#### Excerpted records:
============
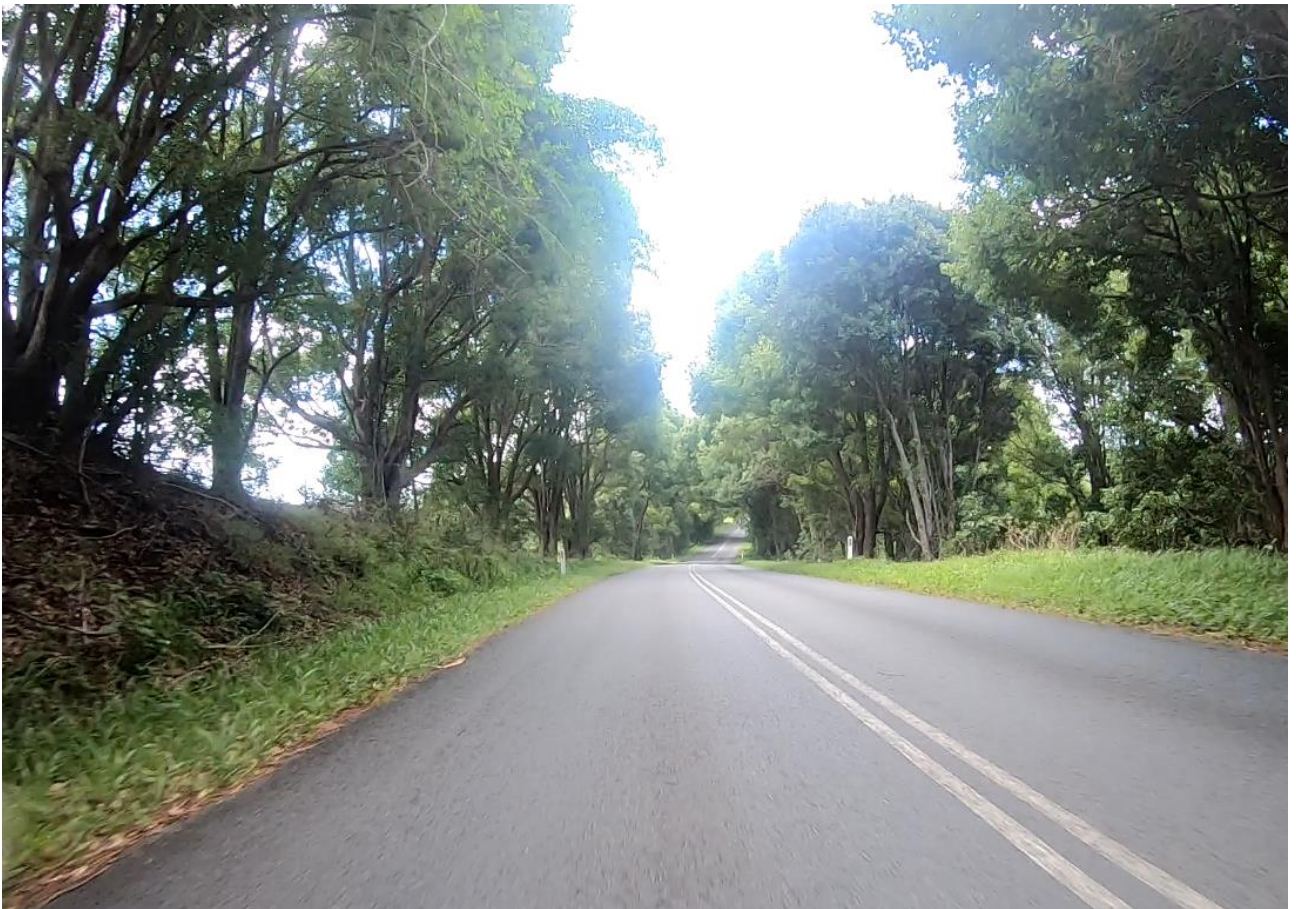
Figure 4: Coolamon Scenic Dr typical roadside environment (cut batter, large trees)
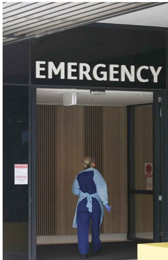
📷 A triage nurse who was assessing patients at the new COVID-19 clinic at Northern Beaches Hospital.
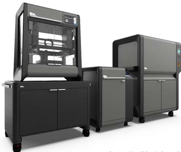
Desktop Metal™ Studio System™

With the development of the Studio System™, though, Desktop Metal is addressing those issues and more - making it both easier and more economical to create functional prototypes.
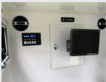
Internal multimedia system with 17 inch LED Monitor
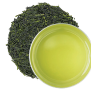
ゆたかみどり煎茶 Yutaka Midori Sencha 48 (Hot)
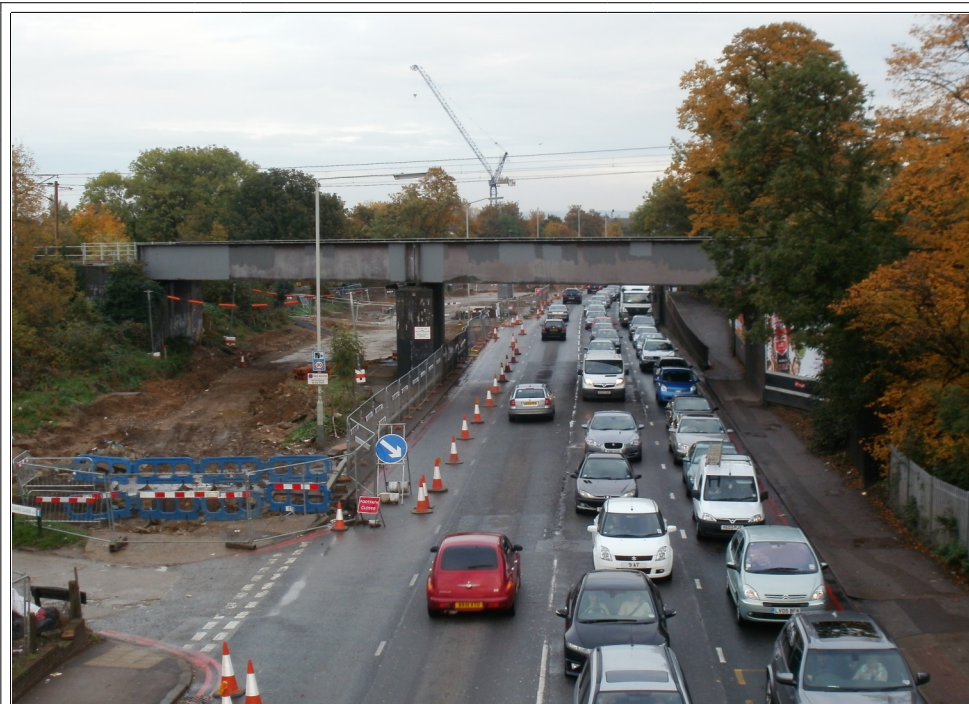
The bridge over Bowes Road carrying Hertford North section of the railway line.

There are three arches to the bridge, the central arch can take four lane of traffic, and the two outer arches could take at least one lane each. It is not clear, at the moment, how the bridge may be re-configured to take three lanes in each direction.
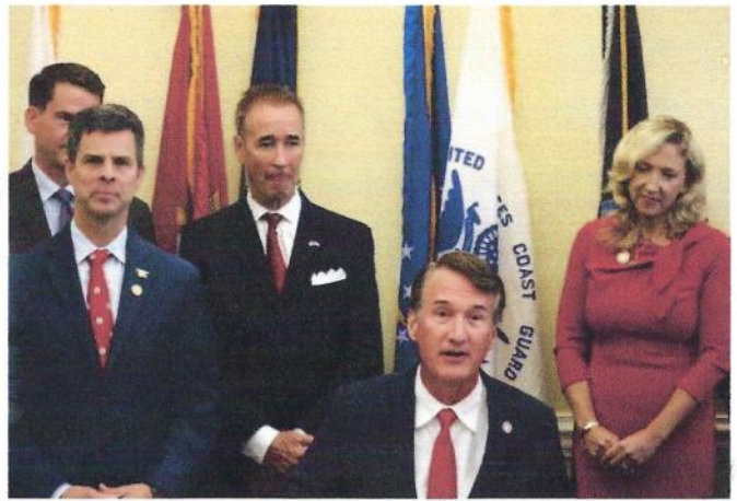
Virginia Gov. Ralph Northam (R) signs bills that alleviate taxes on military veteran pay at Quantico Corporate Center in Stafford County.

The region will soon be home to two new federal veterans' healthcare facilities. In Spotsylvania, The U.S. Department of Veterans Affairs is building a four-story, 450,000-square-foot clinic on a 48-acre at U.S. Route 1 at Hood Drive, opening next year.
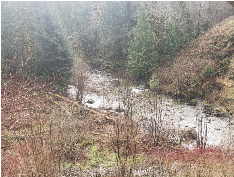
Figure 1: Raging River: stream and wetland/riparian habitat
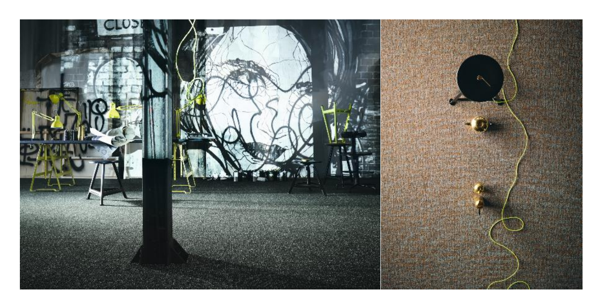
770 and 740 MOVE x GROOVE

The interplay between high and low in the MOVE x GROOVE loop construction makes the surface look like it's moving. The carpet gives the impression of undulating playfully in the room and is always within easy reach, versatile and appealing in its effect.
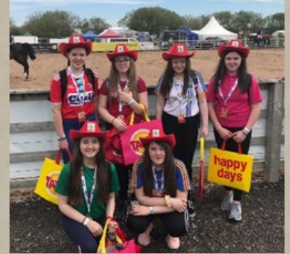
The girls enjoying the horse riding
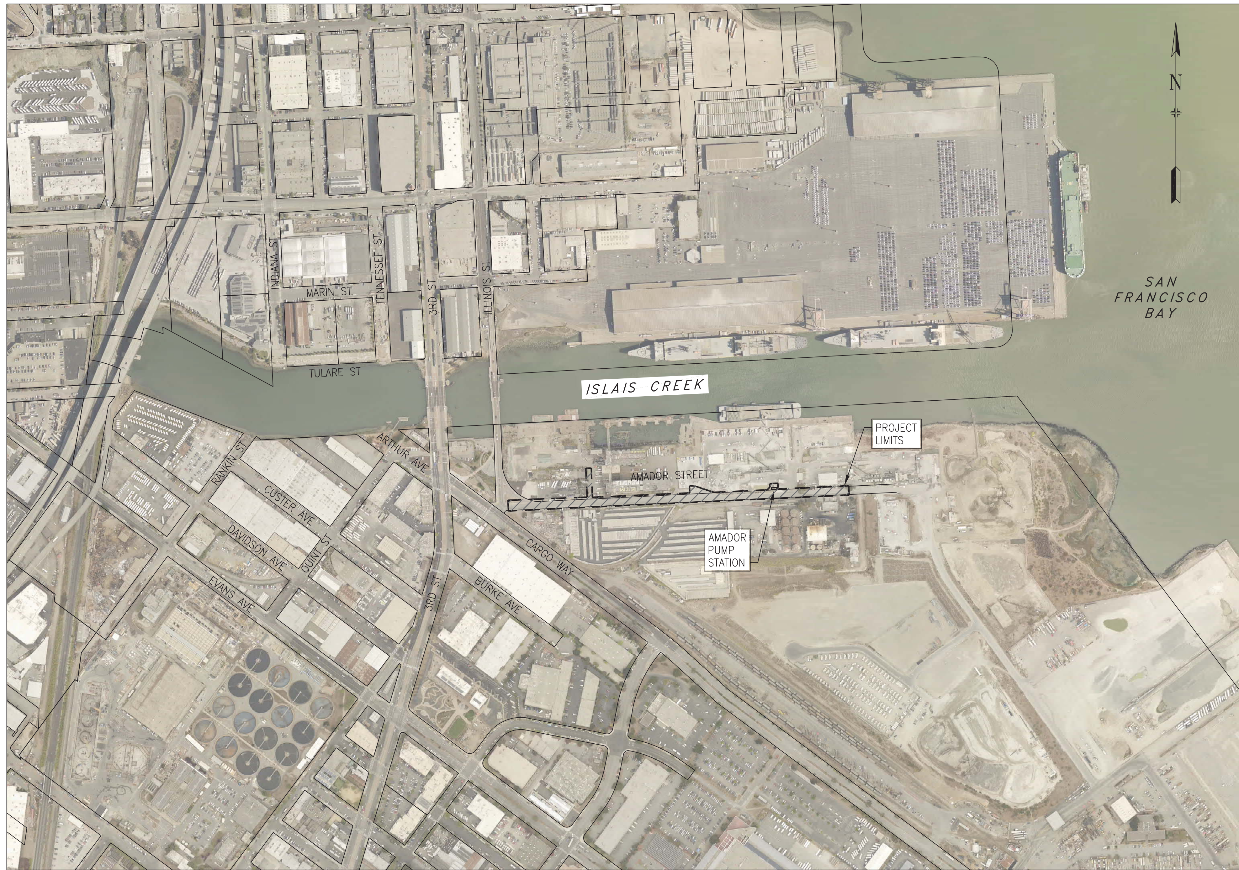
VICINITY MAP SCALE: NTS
============
#### What to work on:
Sift through the entries and copy every line with "Desktop".

#### Task response:
Desktop Metal™ Studio System™
With the development of the Studio System™, though, Desktop Metal is addressing those issues and more - making it both easier and more economical to create functional prototypes.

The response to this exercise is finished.